One of the most recognized gangsters in the history of organized crime in America, John Joseph Gotti Jr. rose through the ranks of the Gambino crime family and seized power after ordering the December 1985 murder of then-boss Paul Castellano outside a Manhattan steakhouse. Behind closed doors, Gotti was a ruthless, controlling figure, whose ability to elude conviction earned him his reputation as “the Teflon Don.” Publicly, he became a tabloid celebrity, famous for his swagger and expensive suits, which earned him another nickname, “the Dapper Don.”

After winning three acquittals during the 1980s, Gotti’s luck ran out in 1990. On December 11, detectives raided the Ravenite Social Club, his headquarters in New York City’s Little Italy neighborhood, arresting Gotti, his underboss Salvatore “Sammy the Bull” Gravano and Gambino consigliere Frank “Frankie Loc” LoCascio. The ensuing trial, which started in January 1992, created a media frenzy. Gravano made a deal with the government and testified in court against his boss, admitting to 19 murders, 10 of them sanctioned by Gotti. In addition, prosecutors presented secretly taped conversations that incriminated Gotti.

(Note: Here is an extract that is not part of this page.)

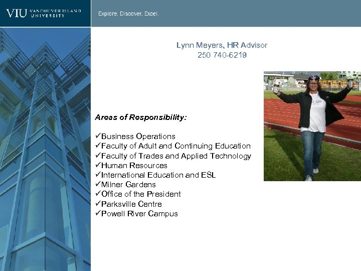Lynn Meyers, HR Advisor 250 740 -6219 Areas of Responsibility: üBusiness Operations üFaculty of Adult and Continuing Education üFaculty of Trades and Applied Technology üHuman Resources üInternational Education and ESL üMilner Gardens üOffice of the President üParksville Centre üPowell River Campus

After deliberating for 13 hours, the jury, which had been kept anonymous and sequestered during the trial, came back with a verdict on April 2, 1992, finding Gotti guilty on all counts. In the wake of the conviction, the assistant director of the FBI’s New York office, James Fox, was quoted as saying, “The don is covered in Velcro, and every charge stuck.” The mob boss was sent to the U.S. Penitentiary in Marion, Illinois, where he was held in virtual solitary confinement. On June 10, 2002, Gotti died of throat cancer at age 61 at a Springfield, Missouri, medical center for federal prisoners.